Description: Rich, hearty, and packed with nutrients, Vegan Split Pea Soup is the ultimate comfort food for chilly days. Made with wholesome ingredients like split peas, barley, and fresh vegetables, this soup is as nourishing as it is delicious.
Why Vegan Split Pea Soup Feels Like a Hug in a Bowl
Imagine curling up on your couch with a warm, steaming bowl of soup in your hands. The aroma of garlic, herbs, and slow-simmered peas fills the air, and with each spoonful, you feel an incredible sense of warmth and comfort.
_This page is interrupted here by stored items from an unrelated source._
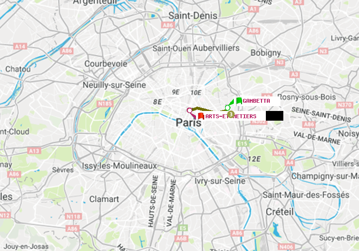 Plan de l'itinéraire métro de Gambetta vers Arts-et-Métiers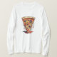 Imaginez une illustration ludique, de style dessin animé, d'une tranche de pizza conçue pour un t-shirt. La tranche de pizza a des couleurs vives et audacieuses, avec du goey, fondu du fromage qui jaillit des bords. La croûte est brun-doré avec une légère texture, et elle est légèrement inclinée pour donner à la tranche un aspect amusant et dynamique. Les garnitures sont ludiques et exagérées — de grosses tranches de pepperoni rond, des poivrons verts et des champignons, le tout ajoutant une pop de couleur. Le visage de la tranche de pizza est caricatural, avec de grands yeux expressifs et un large et gai sourire. Peut-être qu’il donne même un coup de pouce ou un coup de pouce, ajoutant un sentiment de personnalité et de fantaisie au design. L'arrière - plan est simple, peut-être juste une couleur claire ou un éclat de rouge ou jaune vif pour faire ressortir la tranche de pizza. Le design pourrait avoir un contour audacieux, le rendant parfait pour un t-shirt — quelque chose de amusant et attrayant pour les amateurs de pizza!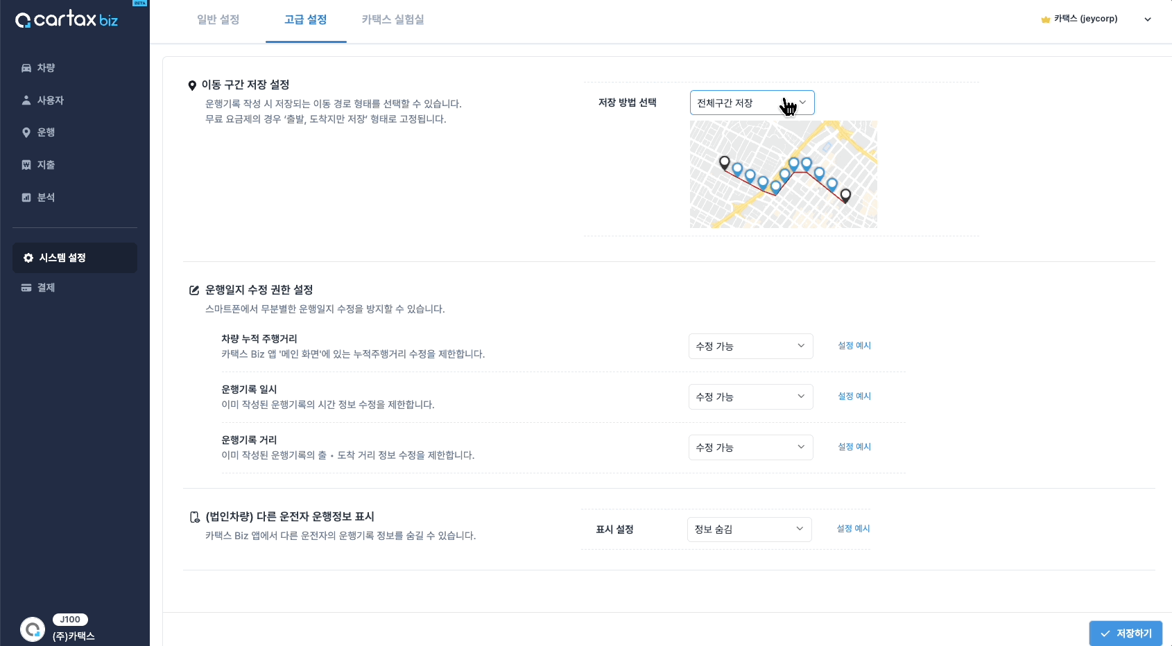 먼저 이동 구간에 대한 표시 방식을 설정할 수 있는데요. 출도착지만 표시할지, 아니면 지도 상에 상세한 경로까지 시각화할 것인지 관리자가 선택할 수 있습니다. 또한 회사 정책에 따라 운전자에게 직접 설정 권한을 부여해 운전자가 자율적으로 표시 방식을 조정하도록 할 수도 있습니다.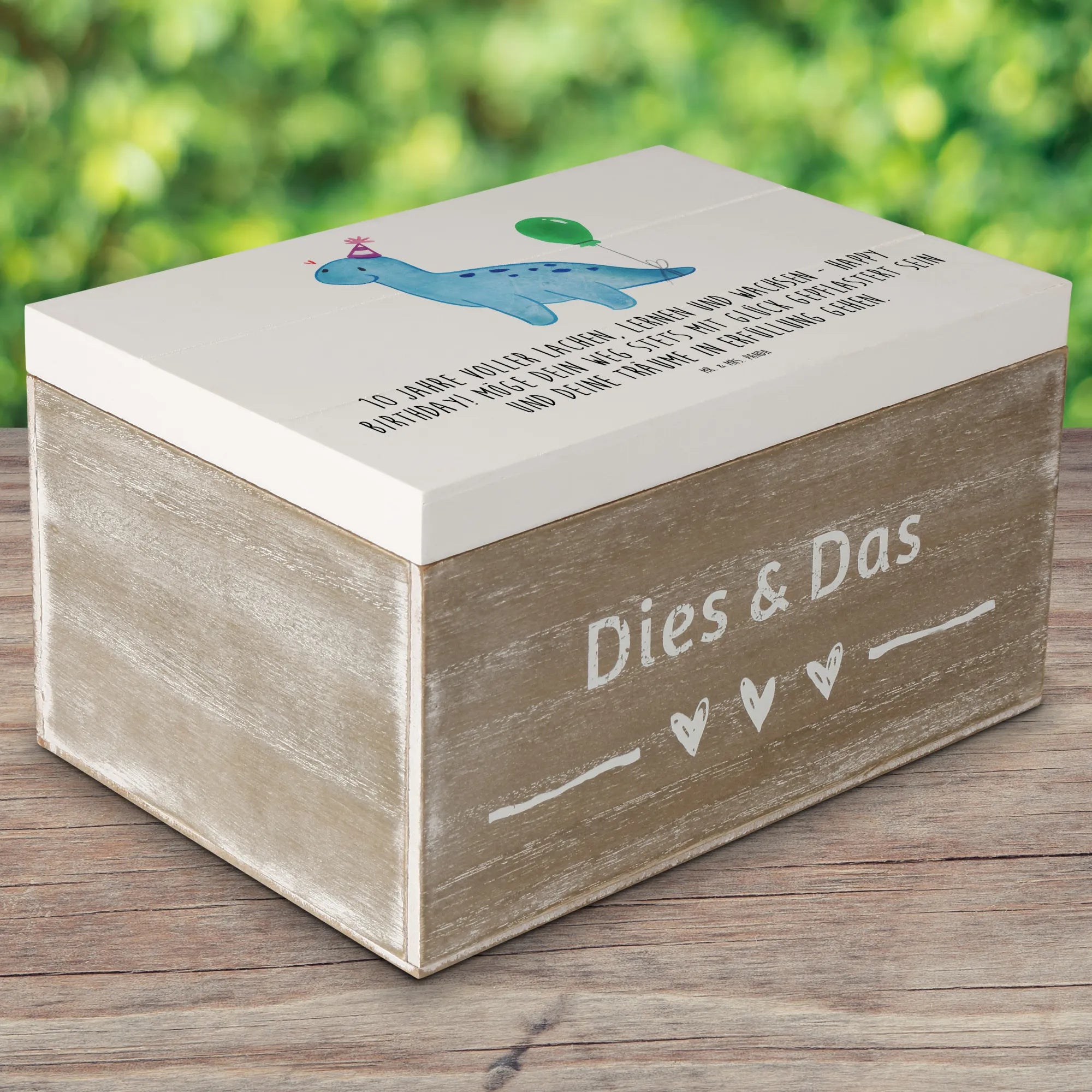 Wooden chest 10 Jahre voller Lachen, Lernen und Wachsen - Happy Birthday! Möge dein Weg stets mit Glück gepflastert sein und deine Träume in Erfüllung gehen. - 19 x 12 cm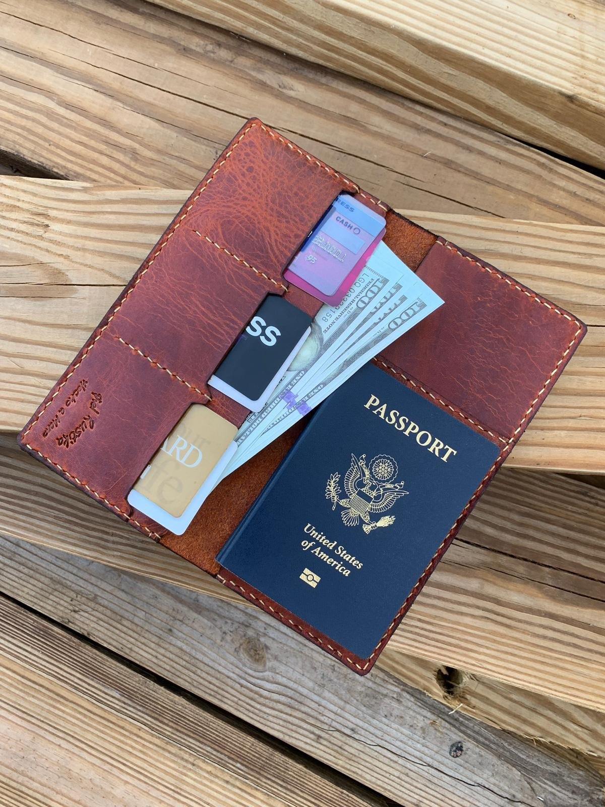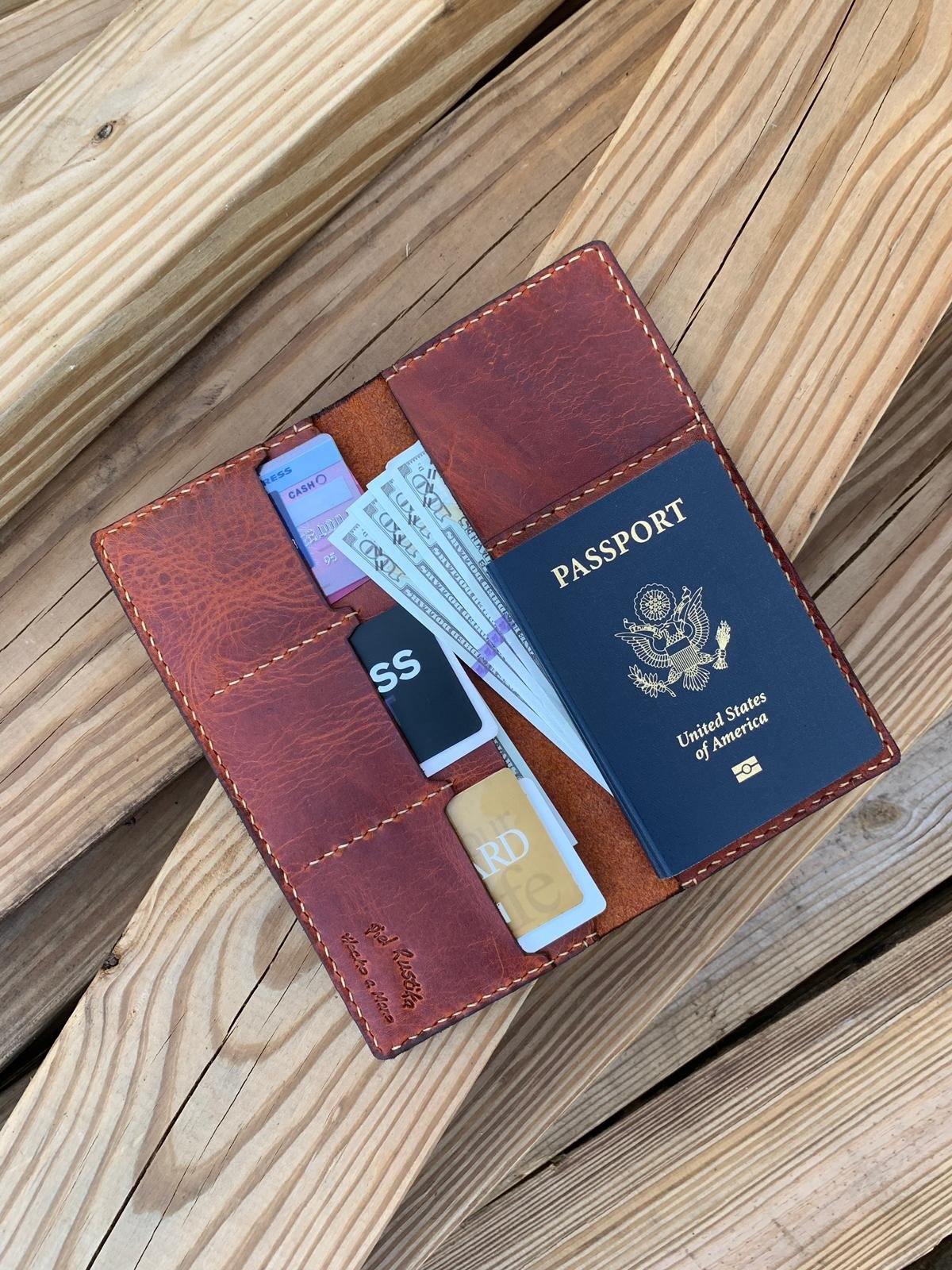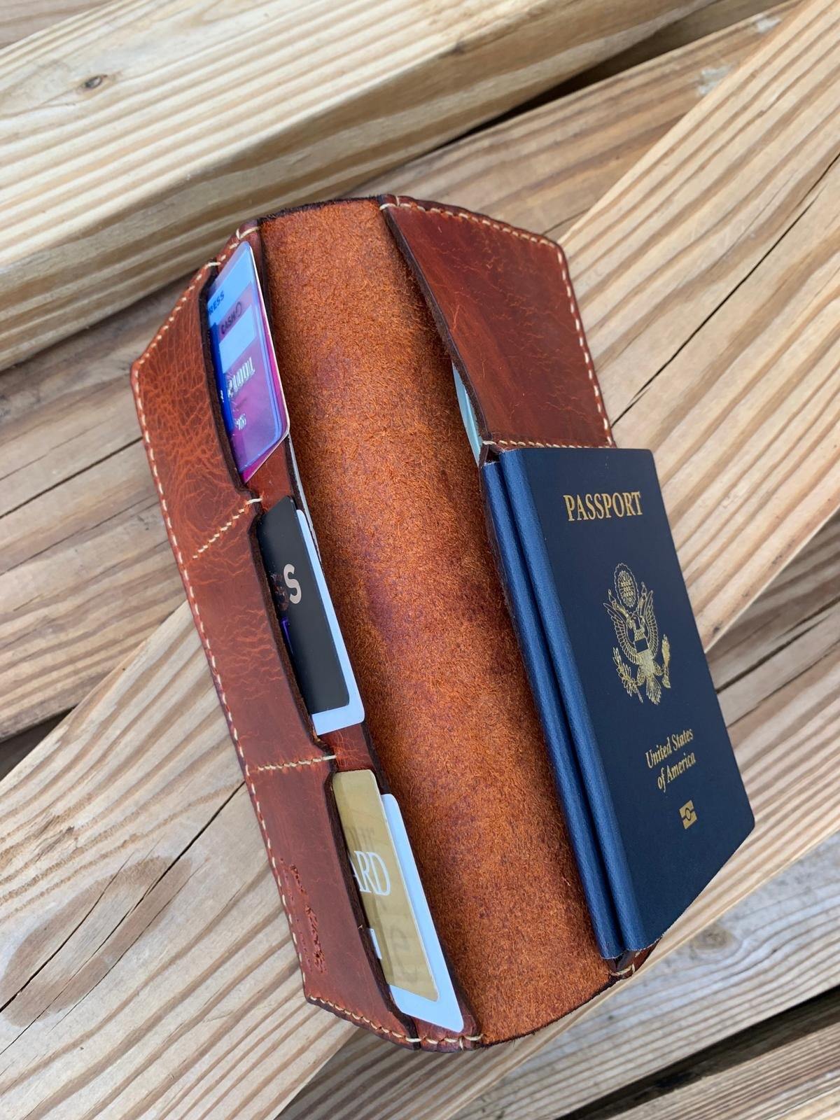 - Passport slot holds up to two passport books.

That’s the magic of Vegan Split Pea Soup. This hearty and satisfying dish isn’t just food—it’s self-care in a bowl. It’s the kind of meal that leaves you feeling full, energized, and nourished. Whether you’re cooking for your family, meal-prepping for the week, or just craving something cozy, this soup is the answer.
Why You’ll Love This Recipe
Plant-Based Protein: Split peas and barley provide a filling, protein-packed meal.
Nutritious and Delicious: Packed with fiber, vitamins, and minerals from fresh veggies and legumes.
Family-Friendly: Even picky eaters will enjoy this flavorful and creamy soup.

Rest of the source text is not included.